Das Ausspähen von Passwörtern wird "Phishing" genannt. Oft mit Hilfe gefälschter Webseiten, die denen eines vertrauenswürdigen Unternehmens nachempfunden sind (das heißt dann Spoofing..). Da erhalten Sie eine Mail von einer Bank in der sie aufgefordert werden, ihren Anmeldenamen und ihr kennwort für den Onlinezugang zu bestätigen. Die Adresse der Seite klingt zunächst auch nachvollziehbar z.B. http://.sicheronline.org. Wenn sie dann den Link in der Mail anklicken und zu der Seite wechseln, gibt es Eingabefelder in denen Sie Anmeldenamen und Kennwort eingeben können. Die eingegebenen Daten werden aufgezeichnet und können dann verwendet werden um unberechtigten Zugriff auf ihr Online-Konto zu erhalten.

Trotz zahlloser Hinweise Mails mit einem entsprechendem Inhalt nicht zu beantworten, kommt es immer wieder vor, dass auf diesem Wege Passwörter ausgespäht werden.

Das Browser-Plugin PwdHash, das von der Stanford University entwickelt wurde, hilft Passwörter sicherer zu machen, indem die Daten verschlüsselt werden.
Das Plugin ist für den Internet Explorer, Firefox und mit Einschränkungen auch für Opera verfügbar und kann unter http://crypto.stanford.edu/pwdhash/ heruntergeladen werden,. Hier findet sich auch eine kurze englische Dokumentation.

PwdHash erzeugt aus dem selbstgewählten Passwort und dem Domainnamen ein verschlüsseltes Kennwort. Das verschlüsselte Kennwort genügt den Anforderungen an sichere Kennwörter, weil es aus einer vollkommen sinnfreien Zeichenfolge besteht. Damit ist ein Knacken der Kennworts nach der Brute-Force-Methode (Computer probieren alle möglichen Zeichenkombinationen aus) sehr rechenintensiv und damit zeitaufwendig. Zudem erzeugt das Plugin für jede Webseite ein eigenes Passwort, kommen Sie nun auf eine gefälschte Seite wird eine andere Zeichenfolge generiert, da die URL der gefälschten Seite nicht der originalen entspricht.

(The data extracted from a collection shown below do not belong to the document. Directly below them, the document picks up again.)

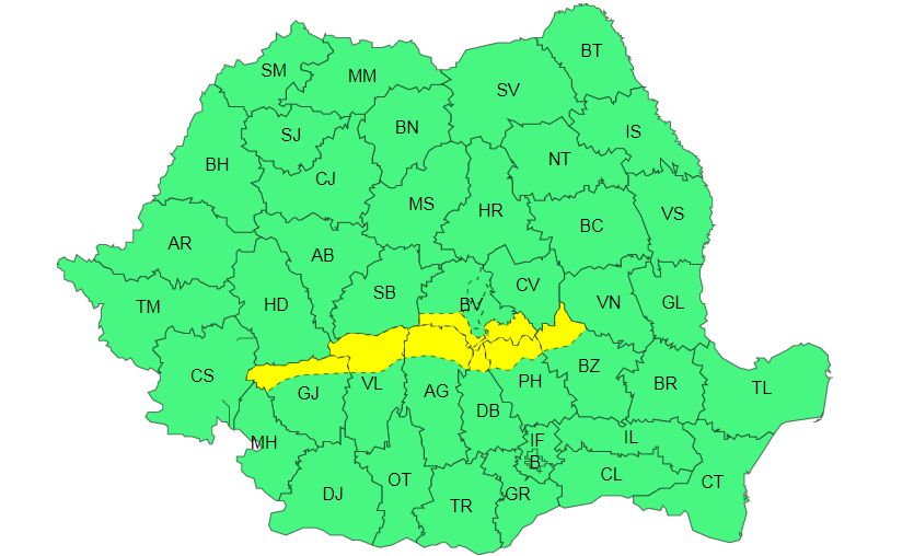 Și tot joi dimineață, ANM a emis o atenționare Cod galben de ploi abundente.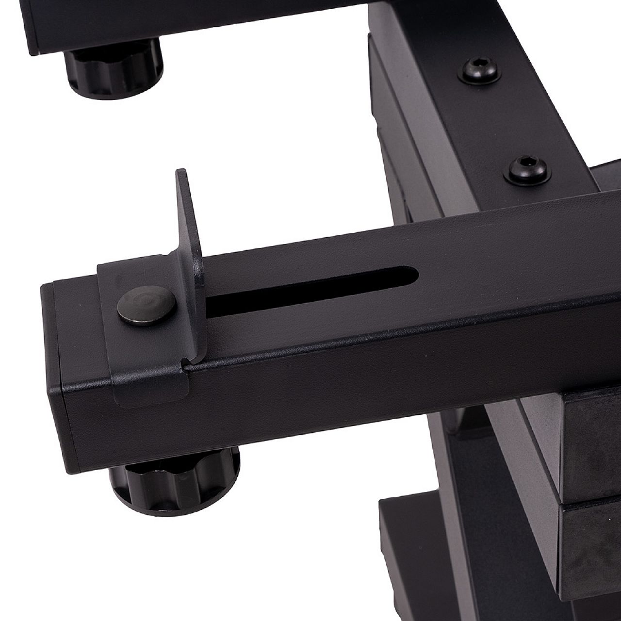 Стійка для регульованих одноручних гантелей inSPORTline DuraBell ® є елегантним і практичним рішенням для зберігання як ваших гантелей, так і їх знімних тягарів! Стабільна сталева рама витримує максимальне навантаження до 100 кг , що робить її ідеальною для пари гантелей inSPORTline DuraBell ® вагою 24,5 кг. Гантелі кріпляться до стійки разом із підставкою за допомогою регулюючих болтів з обох боків стійки.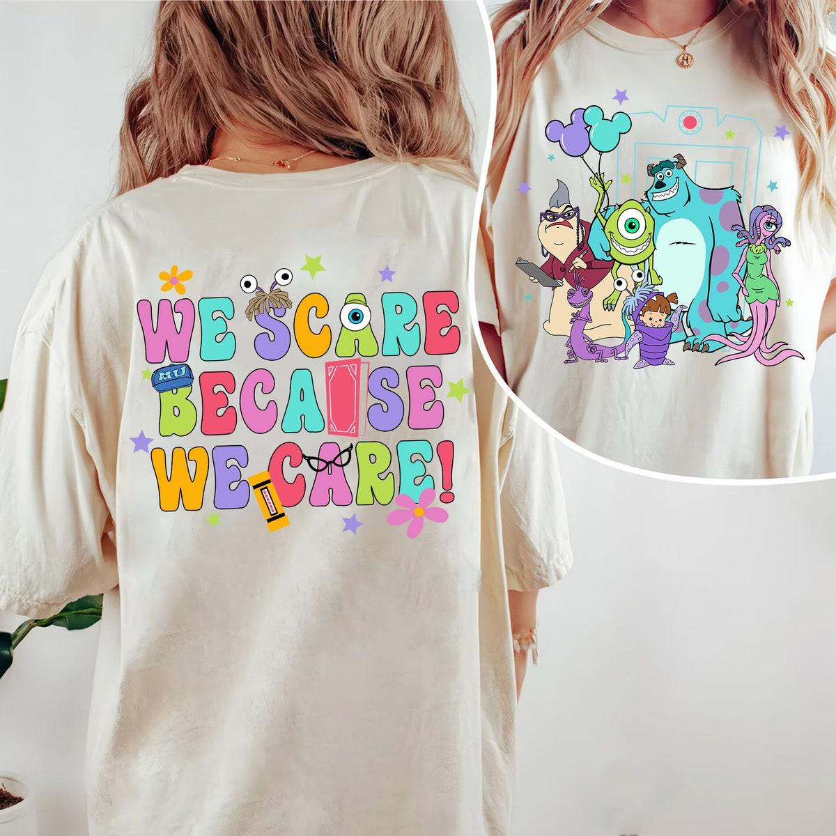 Double Sided Monster Inc We Scare Because We Care Shirt 1
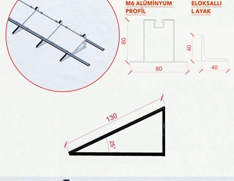 Kit İçeriği: MM6 Alüminyum Profil, Eloksallı Açılı Ayaklar (4 adet), Panel Tutucular Set, M8 Imbus Cıvatalar, Ejot Muadili Sivri Vidalar , Profil Birleştirme Aparatları, Dübeller
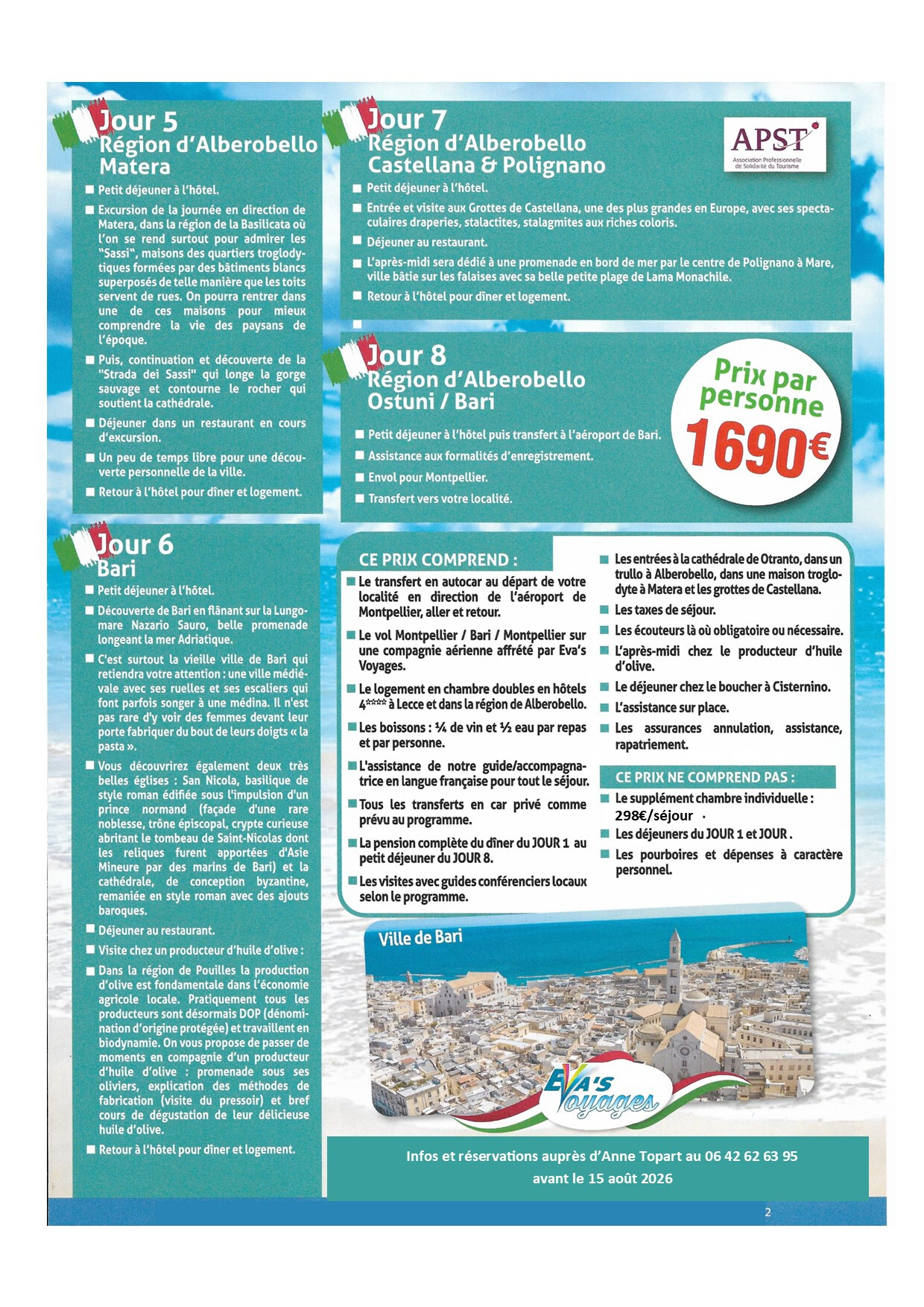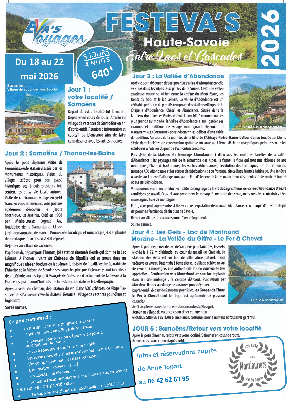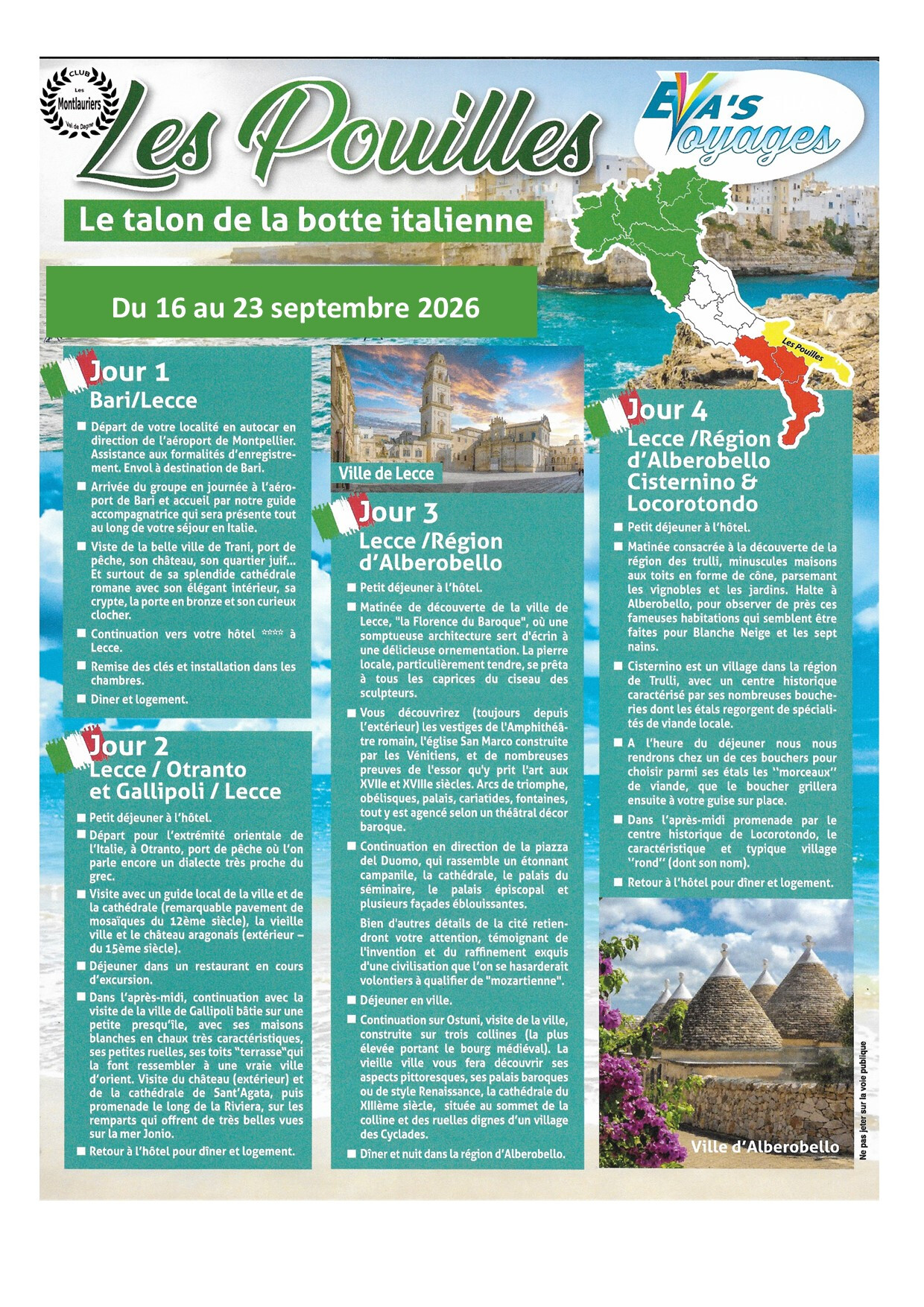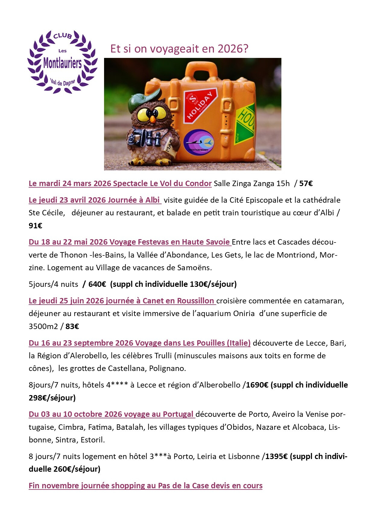 Ci-joint, le descriptif des 3 "grands" voyages à savoir les Festevas en haute Savoie, Les Pouilles en Italie et le Portugal.

Das abgephishte Kennwort ist damit wertlos.

Anmerkung: Wenn sie das Plugin einsetzen, ist der Zugriff von einen PC ohne installiertes Plugin unmöglich (z.B. der Webmail-Account über der Büro-PC. In diesem Fall gibt es unter https://www.pwdhash.com/ eine Möglichkeit das Passwort online zu generieren. Wichtig dabei ist allerdings, dass sie die URL der Login-Seite kennen und entsprechend eingeben - sonst klappt der Zugriff nicht.
Ganz wichtig wenn es einmal Schwierigkeiten mit dem Plugin geben sollte: merken Sie sich Sicherheitsfrage und die dazugehörige Antwort, um im Zweifelsfall ihr Kennwort zurücksetzen lassen zu können.